They are straightening and widening a ~ 7 mile section from SH-87 going north toward idabel.  It is widening the roadbed, bridges, and culverts. They are redoing the radiuses on a couple of curves and doing a major straightening / reroute in a different place.  It still will not be something I would describe as straight, but probably will support 65 MPH or so.
Let's build what we need as economically as possible.


In_Correct

Quote from: bwana39 on September 08, 2023, 05:11:53 PM
They are straightening and widening a ~ 7 mile section from SH-87 going north toward idabel.  It is widening the roadbed, bridges, and culverts. They are redoing the radiuses on a couple of curves and doing a major straightening / reroute in a different place.  It still will not be something I would describe as straight, but probably will support 65 MPH or so.

How wide ? Probably adding shoulders since there are not any ?
Drive Safely. :sombrero: Ride Safely. And Build More Roads, Rails, And Bridges. :coffee: ... Boulevards Wear Faster Than Interstates.

Bobby5280

The current US-259 road between Idabel and the Red River is pretty damned crooked. If this new straightened route is more of a diagonal path it could shave at least a few miles off the length of that highway segment.

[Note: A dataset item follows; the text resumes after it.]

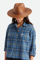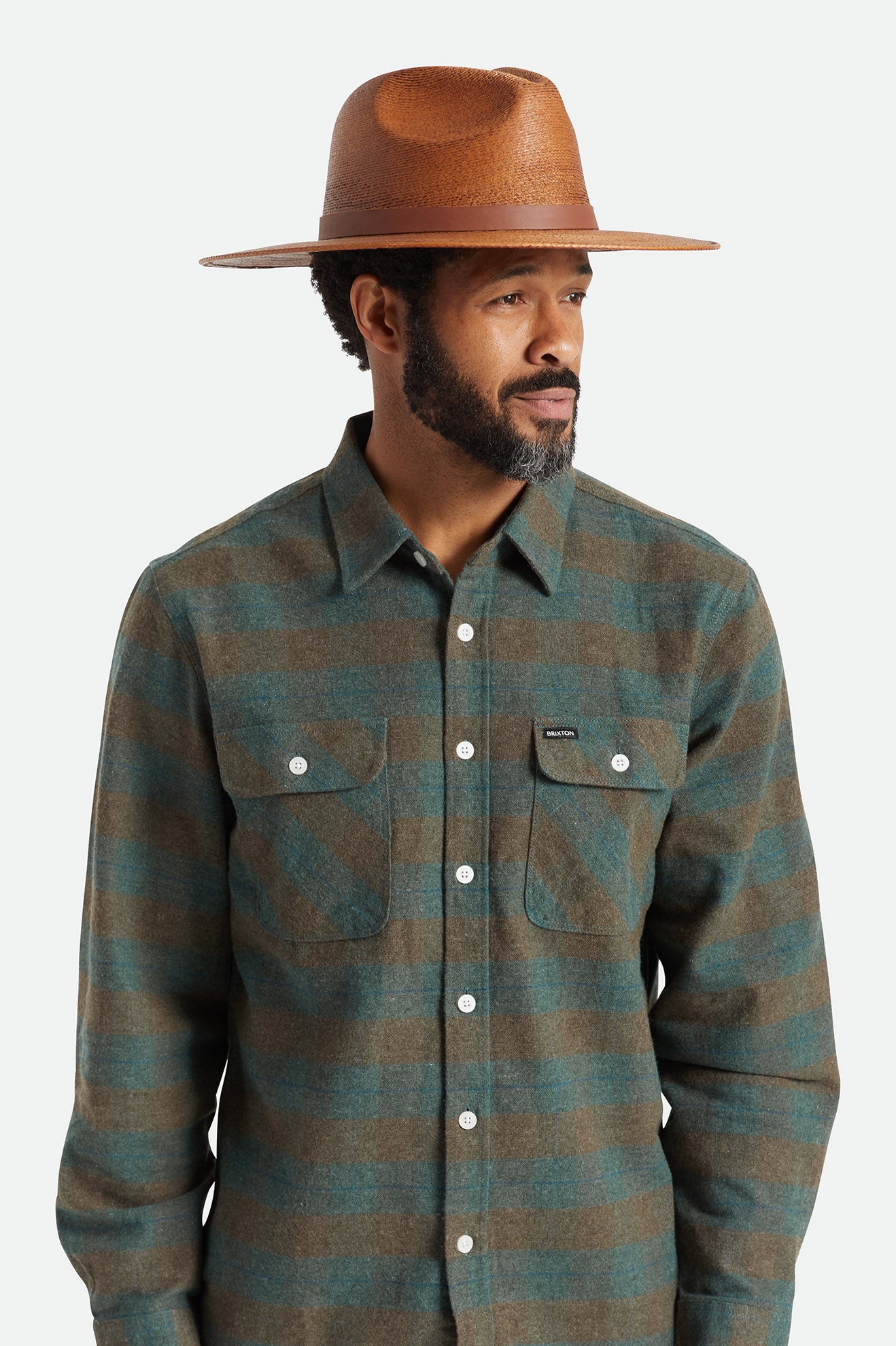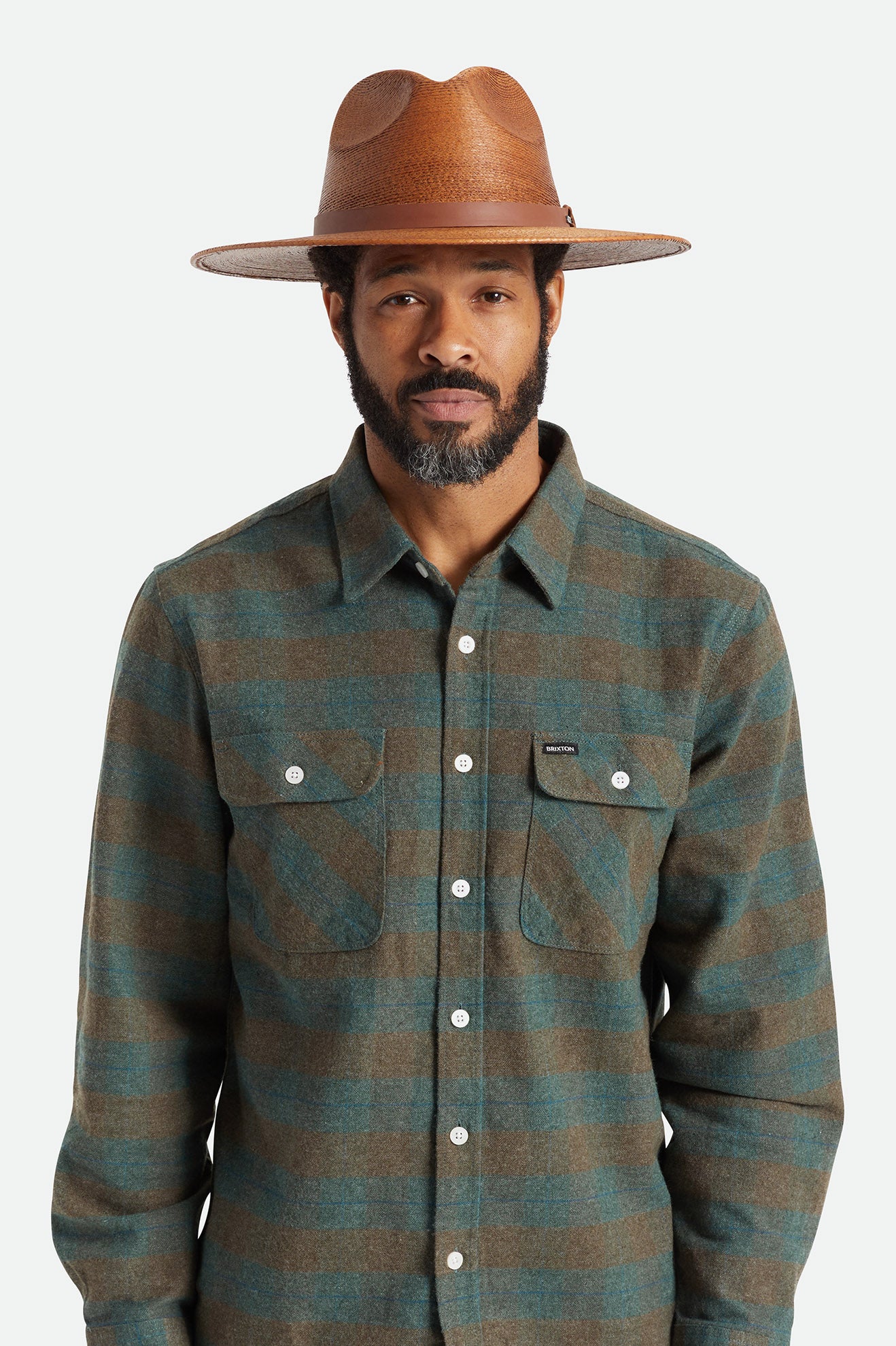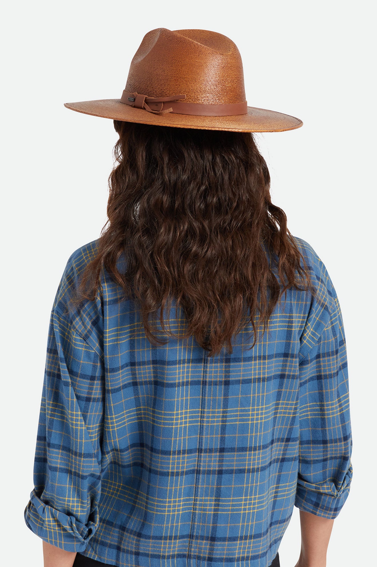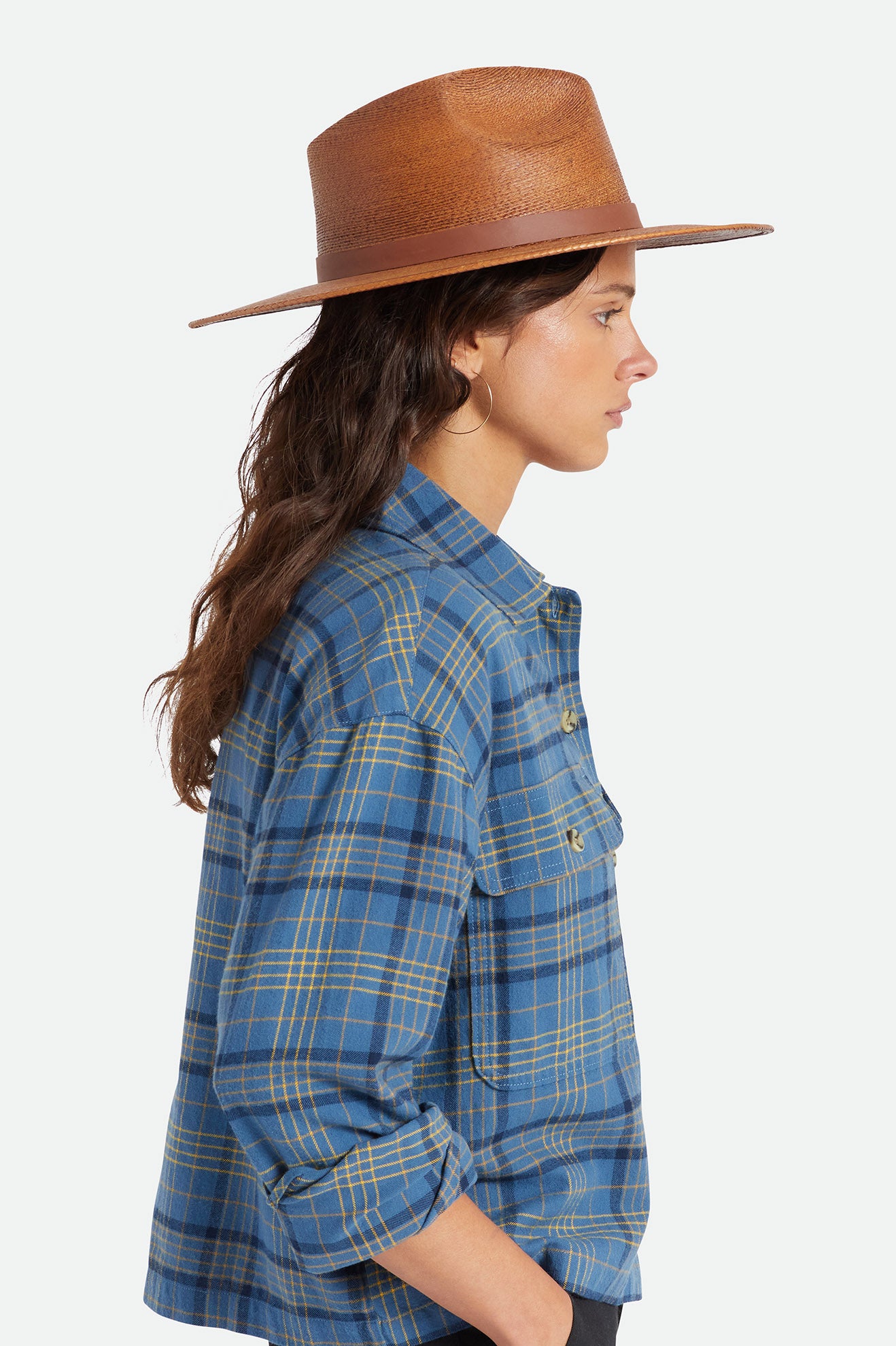A reincarnation of one of our favourite silhouettes, this Western-inspired hat has a smooth pinch and strong center crease. This version is made from fine Tripilla straw that provides 50+ UPF coverage. It's finished with luxurious details like a genuine leather band and metal plaque.

If the new route is good enough perhaps TX DOT could make a more direct diagonal road from New Boston and I-30 up to that point where US-259 crosses the Red River. In bigger picture terms I think OKC needs a better diagonal path going Southeast to the Texarkana area. The current OK-3 route is pretty inadequate in its design as any sort of longer distance route.

bwana39

Quote from: In_Correct on September 08, 2023, 06:36:02 PM
Quote from: bwana39 on September 08, 2023, 05:11:53 PM
They are straightening and widening a ~ 7 mile section from SH-87 going north toward idabel.  It is widening the roadbed, bridges, and culverts. They are redoing the radiuses on a couple of curves and doing a major straightening / reroute in a different place.  It still will not be something I would describe as straight, but probably will support 65 MPH or so.

How wide ? Probably adding shoulders since there are not any ?

Currently is is 2 11' lanes with no shoulders at all, not even soft ones. That is what it looks like 2 12' lanes with paved shoulders.
Let's build what we need as economically as possible.

bugo

US 259 between OK 87 and Idabel was once OK 87. The Red River bridge was built in 1961 and US 259 was added to the system in 1963. I'm not sure when OK 87 was truncated to US 259, but ODOT maps still show it ending in Idabel. Incidentally, what is now OK 3 from Idabel east to the Arkansas line was OK 21, which also followed what is now US 259 north from Broken Bow to Smithville, where it turned east along modern OK 4 to end at the Arkansas line at AR 4. There is an old steel bridge in Smithville that was once a part of OK 21, but was never US 259 or OK 4.

rte66man

I saw the plans a few months ago. IIRC they are smoothing out the sharp curves and straightening out some of the 'snakiness'. However, ODOT's recent website changes have made finding plans a lot harder.
When you come to a fork in the road... TAKE IT.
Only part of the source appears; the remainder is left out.